Archive for October, 2013

Convention The Missionary Diocese of the South & Ozarks –

Meeting 27 September 2013 at St Francis Church in Ava, Missouri

 

After Morning Prayer – Communion Service and following a lovely luncheon prepared by the

Ladies of St. Francis, the business meeting was opened with a prayer by Fr. Tom Bradshaw.

 

Bishop Hartley then determined that a quorum was present, there being 5 out of 6 churches

represented: St. Barnabas, Christ’s Chapel, St. Francis, St. Joseph, and St. Matthews.

 

It was moved that a 12 member Council of Advice be established. Each church to be

represented by its priest and a designated lay person. This was moved by Fr. Jim McTaggart

and seconded by Deacon Tom Hiter. Motion passed.

 

It was also moved and seconded that our next year’s convention location be in Branson,

Missouri, at St. Joseph’s Branson. Motion passed.

 

There was discussion regarding the date of the 2014 National Convention to be held in Prescott,

Arizona. Dates suggested for the Nationals Convention were not available at this time.

 

There was a motion that the day’s offering ($104.50) be used for the Bishop’s Travel

Fund. Moved by Fr. McTaggart; Seconded by Jack Sotallaro. Motion passed.

 

Bishop Hartley gave a brief report on the status of the diocese. Briefly summarized:

1 newly ordained priest, Rodney Jackson in Boaz, Alabama; 1 ordained deacon, Tom Hiter;

lost 2 priests: Fr. Caley and Fr. Dunklee; lost 1 parish, Fr. Dunklee’s; 1 new church building–St. Joseph’s in Branson; 2 new postulants; and a new mission in Bristol, Tennessee.

 

The Anglican Bible and Book Society was mentioned.

 

Discussion followed on “how to plan for the future of the Church”. Bishop Hartley stating that

a critical inflection point may be reached making us unable to plan for a decade ahead.

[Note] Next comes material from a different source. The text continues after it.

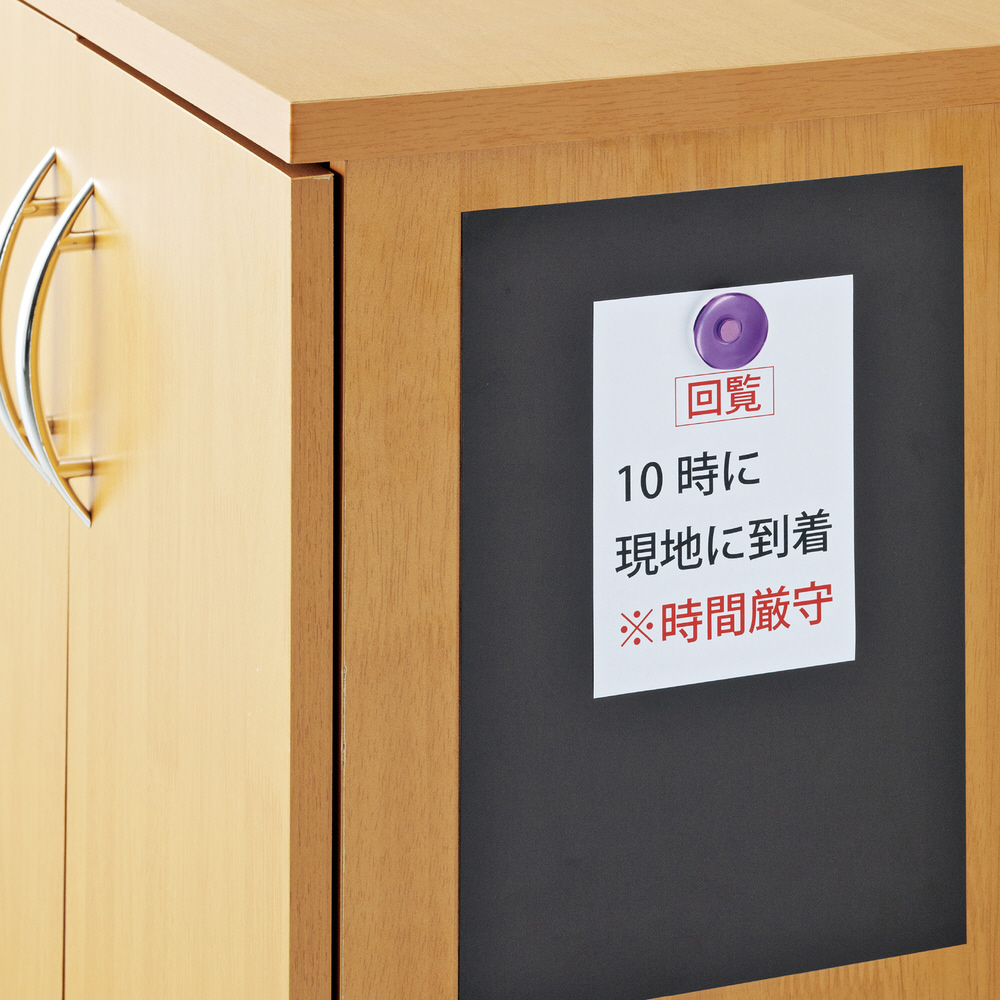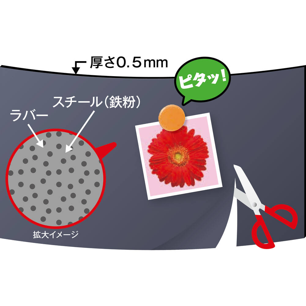 スチール(鉄粉)を含んだラバーシートで、ポスターなどをマグネット(別売)で掲示することができます。

Technology has progressed so rapidly leading us to a point of “creative destruction”.

 

The bishop mentioned three specific things that has led us to this point: a runaway technology,

globalization and increases in living standards, and environmental concerns.

In this brand new world faith, scripture, and sacraments remain the same, but we are unable

to look back, only forward to the future.

 

Fr. Jerry Ellington led us in Evening Prayer.

 

Convention was adjourned at 2 p.m.

 

Respectfully submitted, Barbara Leever

 

 

Note: Christ Chapel Council of Advice Members are: Deacon Tom Hiter and Lay person:

Judy James.

 

Discussion period

 

The 2013 annual convention of the Missionary Diocese of the South and Ozarks was held September 27 at St. Francis Anglican Church, Ava, Missouri.

Following Morning Prayer and Holy Communion clergy and delegates met for informal discussion on topics having impact on church life.  The first topic was the ageing out of church members, when many leave the church.  One likely age is 16 years when young people get their driving license and their first taste of independence.  Another is 21 years, the legally adult age when the demands of career and family take top priority.  Age 65 is another time when members leave church.  Retirement often leads to a move to a new community.  The present average age in many mainline churches is around 57 years.

Another topic was the general secularization of society.  We now have three generations with little or no church experience.  Many young people are afraid of church services and church buildings.  Each generation has more freedom and independence.  Non-traditional locations can bring people in, like cowboy churches.  One problem is that traditional churches must compete with modernized shallow churches.  Another challenge is how to reach out to the community.

With the general disbelief of society, good times do not require the church.  Among the young, traditional cycles of life are not important.  Such cycles showing life’s progression like baptism, confirmation, marriage, etc. have given way to getting a driver’s license and legally becoming an adult.

Young people communicate through social networks, so it is helpful to use facebook and twitter.  Publicity is important, being visible to the public is a must.  Working with other liturgical traditions keeps us in view of the community.  A possible means of being visible is to play up the English connection; Americans are anglophiles and at present there is much interest in England.  We should target special interests.

Another challenge we face is finances, especially as it relates to the need for full-time priests and paying for them.  People today just don’t contribute to church like they used to.  One solution in fund raising is to have set goals rather than just asking for money.